I have news for you - they have already monopolised Indian cyberspace. They have completely wiped out competition in certain domains.
One of the many reasons they have done this is because we don't have laws and regulations to temper their hegemonic tendencies. For example, we could use data portability and interoperability mandates for social media to spark competition in markets where there are entrenched monopolies.
Competition law can be used to protect other firms from abuse of market power. Consumer protection law and privacy law could be used to ensure that user's rights are not compromised in the race for market share. In addition, a modern privacy law compliant with the best practices in the European Data Protection Regulation 2016, would allow emerging Indian companies to compete with giants like Facebook and Google on a level playing field. [Speaking of level playing field - only recently has the government introduced the "equalization levy". This was long overdue.
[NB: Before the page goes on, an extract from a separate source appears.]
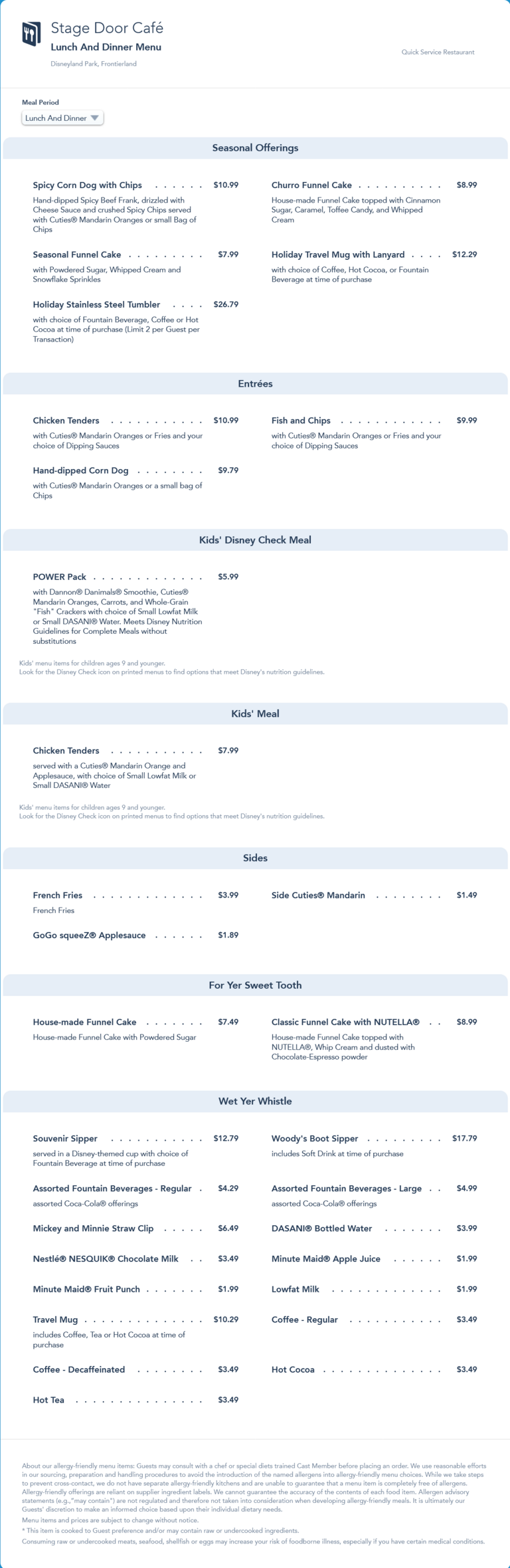 This menu was replaced by an updated menu in January 2022 that removed the holiday seasonal items and added the winter seasonal Strawberry Cheesecake Funnel Cake.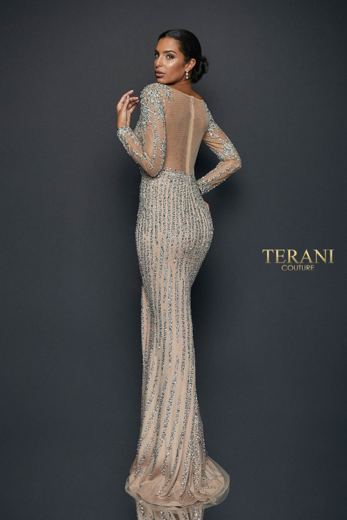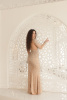В основе этого вечернего платья лежит высококачественная, полностью вышитая, украшенная ткань, что делает дизайн уникальным, стильным и самым ярким из возможных. Платье имеет длинный рукав, глубокий открытый лиф с V-образным вырезом. Облегающая талия платья создает сексуальный, но скромный образ.

Imagine the amount of tax that could have been collected so far and damage that has been done to competition. Regardless the current NDA government deserves our kudos for ensuring that Facebook and Google contribute their fair share of taxes. The new IPR Policy was also an opportunity to address the monopoly of Google and Facebook. There should have been a concerted attempt to use free/open source software, open standard and open content to bolster Indic language technologies. A billion dollars from every spectrum auction should be used to create incentives for Indian private sector, research and academic organisation who can contribute openly to the Indic cyberspace. This is the market where we can still build a highly competitive market. Today, given government inaction - millions of Indians are training Google's language platforms every time they use machine translation or speech to text technologies. This corpus of information will not be available for public interest research. Ideally we should also have Indians contributing to commons-based peer production projects like Wikipedia for their Indic language needs. Unfortunately the government totally missed this opportunity.]